Member of the Wong Tai Sin District Council
- In office 1 January 2020 – 9 July 2021
- Preceded by: Wu Chi-wai
- Constituency: King Fu

Member of the Kowloon City District Council
- In office 1 January 2000 – 31 December 2015
- Preceded by: Luk Wai-kong
- Succeeded by: Terence Siu
- Constituency: Ma Tau Wai

Personal details
- Born: May 23, 1972 (age 54) Hong Kong
- Party: Hong Kong Association for Democracy and People's Livelihood (1999–2017) Democratic Party (2017–2025)
- Alma mater: Chinese University of Hong Kong
- Occupation: Politician

= Rosanda Mok =

Hong Kong politician

Rosanda Mok Ka-han (莫嘉嫻; born 23 May 1972) is a Democratic Party politician in Hong Kong and a member of Wong Tai Sin District. She is the former chairman of the pro-democracy pro-grassroots Hong Kong Association for Democracy and People's Livelihood (ADPL) and former member of the Kowloon City District Council for Ma Tau Wai.

==Biography==
Rosanda Mok was born in 1972 and graduated from the Chinese University of Hong Kong with a master's degree in Sociology.
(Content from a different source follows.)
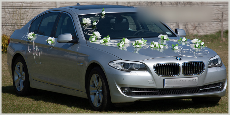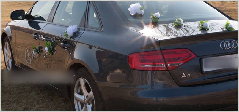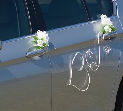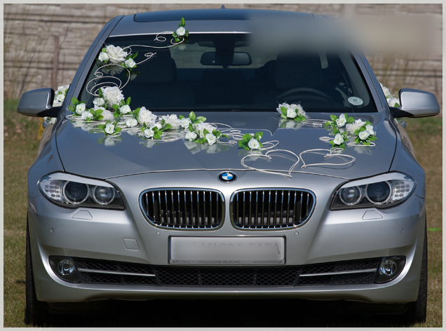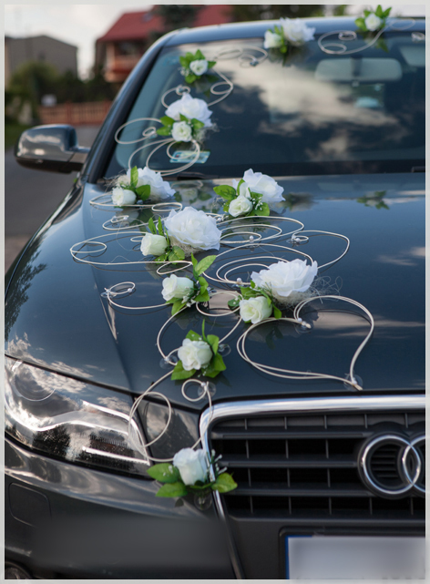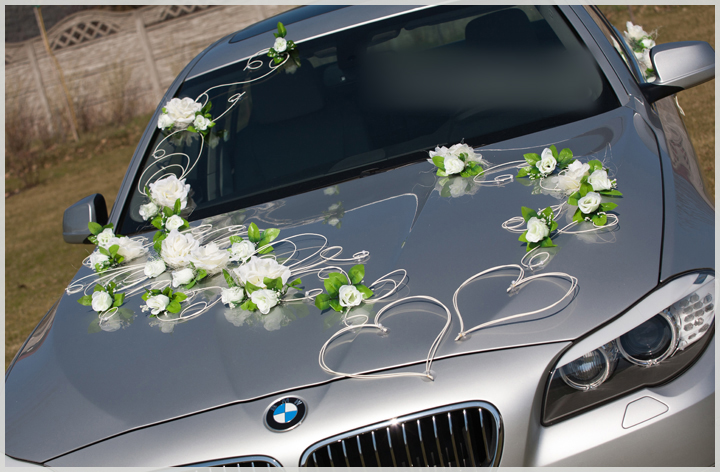 De decoratie van de trouwauto is gemaakt van unieke en exclusieve kunstbloemen

She joined the Hong Kong Association for Democracy and People's Livelihood (ADPL), a local-based pro-grassroots pro-democratic party and was first elected to the Kowloon City District Council through Ma Tau Wai in the 1999 District Council election and re-elected for three times until she was unseated by the pro-Beijing Democratic Alliance for the Betterment and Progress of Hong Kong (DAB) newcomer Terence Siu Tin-hung in the 2015 election with a narrow margin of 45 votes.

She has also held public positions including the Buildings Appeal Tribunal Panel, the Gas Safety Appeal Board Panel, and the Obscene and Indecent Articles Panel of Adjudicators.
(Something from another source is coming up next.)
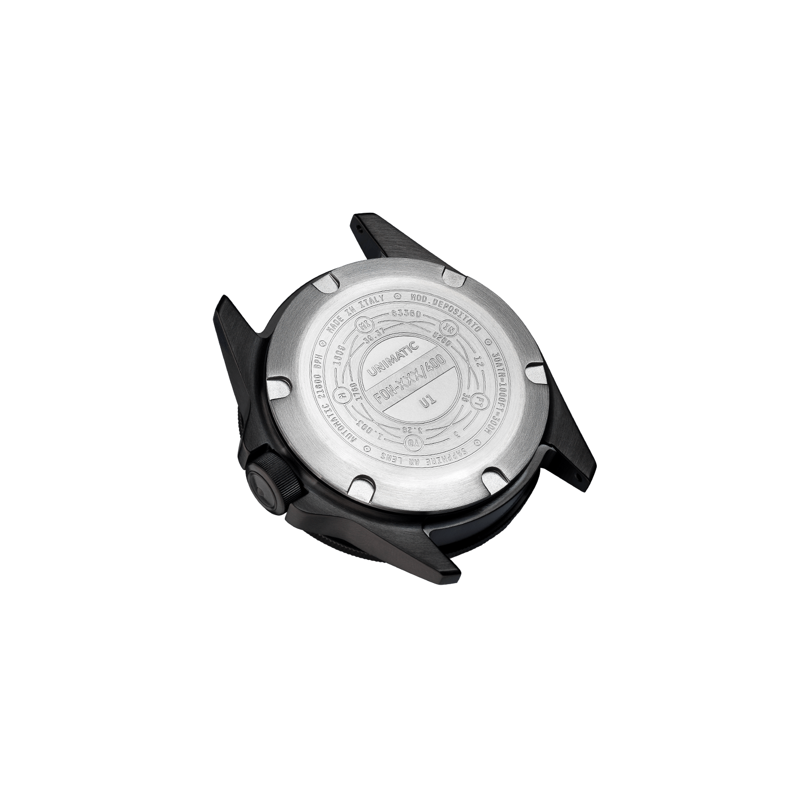300m = 1000ft = 30atm WR. Diameter 40mm case with 41,5mm bezel. 120 clicks mono-directional security bezel. 2.5mm thick double domed sapphire. Anti-reflective coating on lens inner-side. Black aluminium professional diver insert with raised lume dot. 316 stainless steel case brushed finish. Black matte dive dial. Super-LumiNova® C1 white. Silver closed second rail and dial trims. Automatic calibre Seiko NH35A 21600bph. Hacking seconds hand bi-directional winding. Accuracy -20/+40 s/day – 41h power reserve. Antimagnetic ?4800 A / m. Black heavy-duty Unimatic nylon nato strap. Stainless steel brushed hardware signed Unimatic. Unimatic conversion scale screw-down caseback. Unimatic tough case, warranty card with unique ID seal

On 23 January 2016, Mok was elected the first female chair of the ADPL, succeeding veteran Bruce Liu. Her chairmanship lasted for less than a year as in September the same year, Mok resigned from the chairperson post of ADPL because her party suffered a historic defeat in losing its only seat in the 2016 legislative election. She was succeeded by Sze Tak-loy.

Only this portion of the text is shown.